Trust but Verify

With the surveillance camera aimed down along the length of his driveway, a fed up home owner determined to put a face to his nightly nemesis, the notorious lawn ornament vandal, set a trap by posing a brand new garden gnome out in the open with the cameras rolling. Days passed and the gnome remained untouched; apparently the cameras were acting as a deterrence. A week later, his doorbell rang at 5 am; there was a ruckus outside, and instead of the pre-dawn pink that usually cut its way through the blinds at that hour, a menacing red light blazed in its place. Cinching his bath-robe, he could hear police radios squawking right outside his door. There was a home invasion across the street and the cops wanted to talk to him. They told him his camera might yield possible clues.

This happens all of the time; it’s the law of unintended consequences. In the case of the missing girl from Arizona, Isabel Mercedes, police made an auspicious discovery-a surveillance camera, 75 feet away and aimed directly at the missing girl’s home.

Cobbled together from various store fronts and traffic cams, police in N.Y. were able to definitively piece together the last known whereabouts of slain grad student, Imette St. Guillen.

And while an individual homeowner or business operator installs a surveillance system to secure their own personal possessions and property as its chief aim, the unanticipated role surveillance cameras play in documenting the events outside its intended uses, seem to be having a tremendous impact in securing the safety and welfare of neighborhoods, communities, and society as a whole.

When purchasing a surveillance system, the average consumer will encounter a whole range of outcomes that were impossible to anticipate. “Unless a consumer is reading this, there isn’t any amount of online research that will blatantly tell a customer the drawbacks of going it alone; especially if the chief aim of all of the material they are researching online is to sell them a product,” says Tom, owner of CCTV Services Inc. “We sell products, but surveillance services are our specialty.”

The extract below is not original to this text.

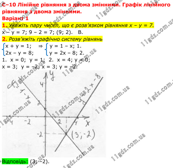 С–10 Лінійне рівняння з двома змінними. Графік лінійного рівняння з двома змінними. Варіант 1 1. Укажіть пару чисел, що є розв’язком рівняння х – у = 7. x – y = 7; 9 – 2 = 7; (9; 2). B. 2. Розв’яжіть графічно систему рівнянь
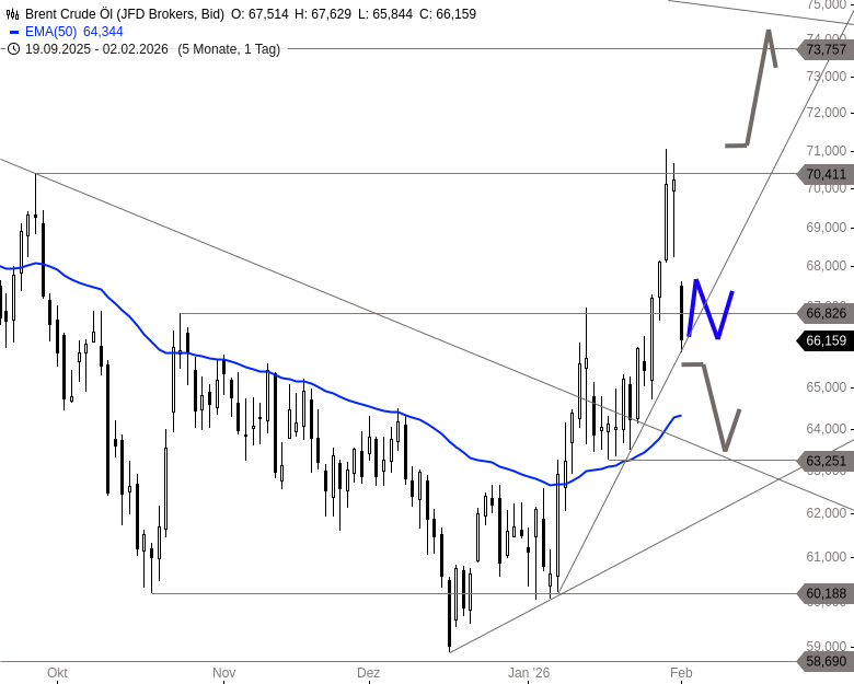 Der Rücksetzer führt den Ölpreis aktuell in Richtung des mehrwöchigen Aufwärtstrends. Im Bereich um 65,60 USD besteht die Möglichkeit, dass sich die Notierungen stabilisieren und erneut nach oben drehen. Gelingt von dort aus eine Bestätigung des Aufwärtstrends, wäre zunächst eine Gegenbewegung bis 68,24 USD denkbar, später auch ein erneuter Anlauf an die Zone um 70,41 USD. Rutscht Brent hingegen unter die Unterstützung bei 65,60 USD, droht eine Ausdehnung der Korrektur über 64,71 USD bis in den Bereich von 63,25 USD.

Spouting off a litany of common pitfalls the average consumer faces when attempting to purchase a surveillance system, Tom expertly boils it all down, “A customer needs a surveillance system, and right away they’re thinking of buying a few cameras and a recorder on-line. Maybe Costco’s running a sale on equipment, and a friend or relative says they can install it on the cheap.” This is where Tom’s expertise comes into play, “Firstly, not all equipment is created equal. Many DVR’s lack functionality, few are user friendly, and none are supported by an actual verifiable source. Once it gets used up, and burns out or breaks, it becomes a disposable DVR.” Tom says that not knowing what you don’t know makes it unlikely for anyone to get the best long term result, “Deciding what to buy for your exact application without actual expert assistance, is a crap shoot at best.”

Secondly, the equipment needs to be functional and reliable for years, and buying it on-line from some faceless retail distributor is not even going to come close to making that a reality. What about building codes? Is your local handy-man licensed? Does that friend or relative installing it have the computer expertise needed for complex networking to devices and other PC’s? These are just some of the issues the novice consumer will encounter during the course of their installation.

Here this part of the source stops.